A very lightweight carbohydrate (that is a long held tradition in the Peloton) is to take along Ricecakes. They
have a texture much like styrofoam...but they give energy to the body & are as light as air, or nearly so. You
can't go wrong with Rice. I would eat them instead of the Ramen noodles.
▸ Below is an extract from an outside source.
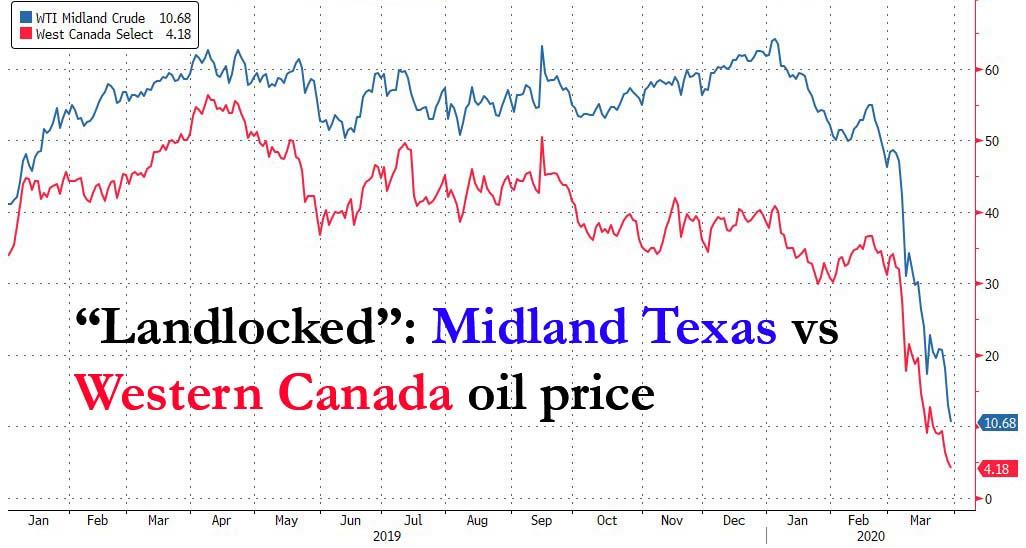 ZeroHedge - Mar 30th 2020 3:50pm EDT Texas Or Canada: Where Will Oil Hit $0 First Looking at the future of oil prices, Goldman was downright apocalyptic in its short-term forecast, when in a note published this morning, the bank’s chief commodity strategist Jeffrey Currie speculated that as the current production glut “shock” cripples the crude transportation networks, “a producer would be […]

Among the heaviest items will be your water. A pound per pint, roughly. Don't forget a water filter too.

Grim


----------



## txmarine6531 (Nov 18, 2015)

Grim Reality said:


> A very lightweight carbohydrate (that is a long held tradition in the Peloton) is to take along Ricecakes. They
> have a texture much like styrofoam...but they give energy to the body & are as light as air, or nearly so. You
> can't go wrong with Rice. I would eat them instead of the Ramen noodles.
> 
> ...


Rice cakes are good too. They make a bunch of different flavors. I always liked the cinnamon ones.


----------



## Stick (Sep 29, 2014)

Get you some Cold Weather MREs.


----------



## Oddcaliber (Feb 17, 2014)

You could include some Mountain House freeze dried meals. I keep a bunch of them around.


----------



## Illini Warrior (Jan 24, 2015)

lifeboat rations ..... don't know what your intended storage term is - but nuts go stale from the oil content ....


----------



## sideKahr (Oct 15, 2014)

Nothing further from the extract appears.